TCI Says CN Rail’s Top Two Execs Should Quit After Deal Stumbles
(Bloomberg) -- Canadian National Railway Co.’s proposed $30 billion takeover of Kansas City Southern is under attack after it failed to pass a key regulatory hurdle and faced an immediate call to drop the bid from one of its largest shareholders.
London-based TCI Fund Management Ltd., which owns more than 5% of Canadian National’s shares, said Tuesday it’s imperative the rail operator walks away from the merger agreement after the U.S. Surface Transportation Board rejected a request for a voting trust central to the deal. That provided an opening for arch rival Canadian Pacific Railway Ltd., which said its competing offer still stands.
If Canadian National persists in the face of the regulator’s opposition, it runs the risk of reputational damage and financial disaster, the fund said in a letter to the railway’s chairman, Robert Pace.
“From the start, it has been clear and obvious the bid would fail. That the Board sanctioned the bid, together with potential fees of C$2 billion, is an egregious failure of oversight and there must be accountability,” TCI Chief Executive Officer Chris Hohn and investment analyst Ben Walker wrote in the letter.
The pair said Pace and Jean-Jacques Ruest, Canadian National’s CEO, should resign immediately; they urged the board to replace Ruest with Jim Vena, a former Union Pacific Corp. executive. They also called for a board seat for Gilbert Lamphere, who has previously been on the boards of Illinois Central Railroad, Canadian National and CSX Corp.
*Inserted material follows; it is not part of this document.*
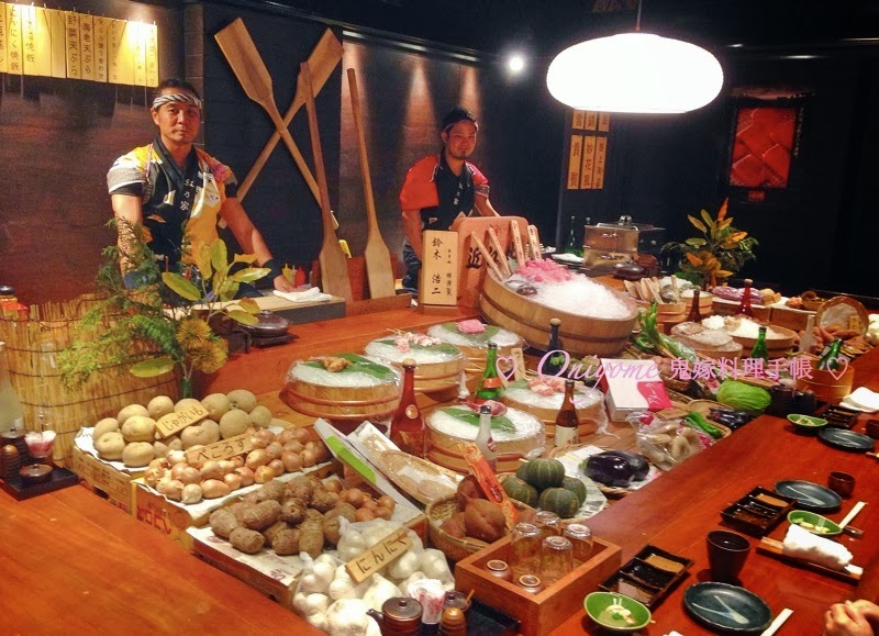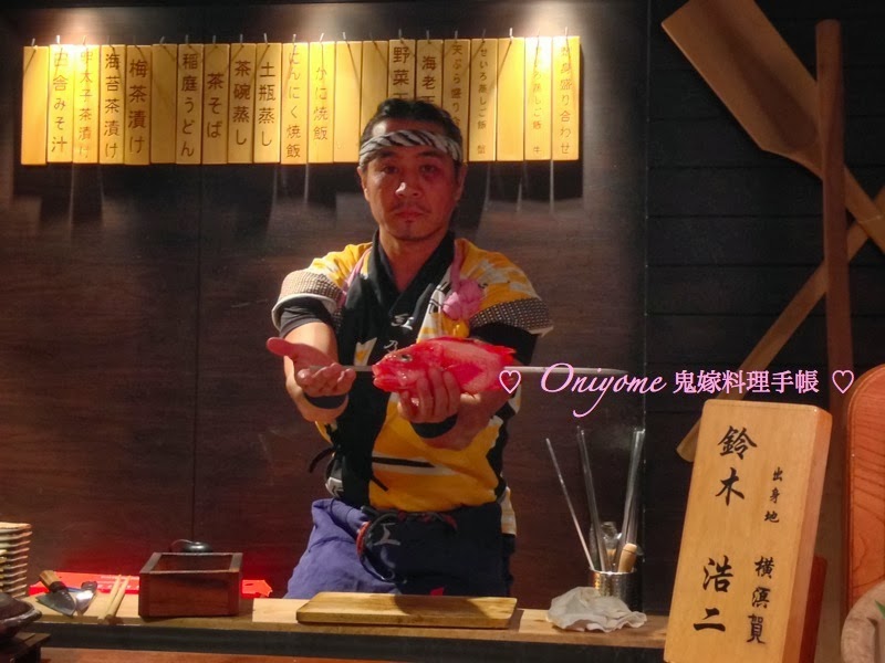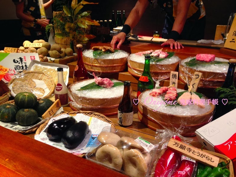 進門即被長長的食材大檯吸引了!但不要失神喔!因為店員們會一起大聲用日語來歡迎你!非常有氣魄!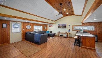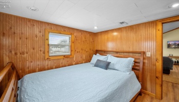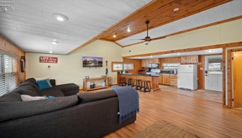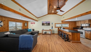 Discover lake-time luxury in this exquisite 3,018sqft home located in the gated community of Bar Harbor. This waterfront oasis features 5 elegant bedrooms & 5 baths, designed with meticulous detail throughout. The charming entry leads past a pocket office & opens into an inviting living area anchored by a striking floor to ceiling shiplap fireplace enhanced by 10-foot ceilings.

Canadian National said in a statement it was disappointed with the STB’s decision and is evaluating available options.
“We continue to believe that the combination of CN and KCS would enhance competition, expand North American trade and power economic prosperity, provide new and faster routes, increase supply chain efficiency and deliver other benefits to the public good,” it said.
Rival suitor Canadian Pacific lost no time reminding Kansas City Southern’s board of its $27 billion merger proposal made on Aug. 10. The STB has already approved a voting trust for Canadian Pacific’s deal, which the railway said gives it “regulatory certainty.”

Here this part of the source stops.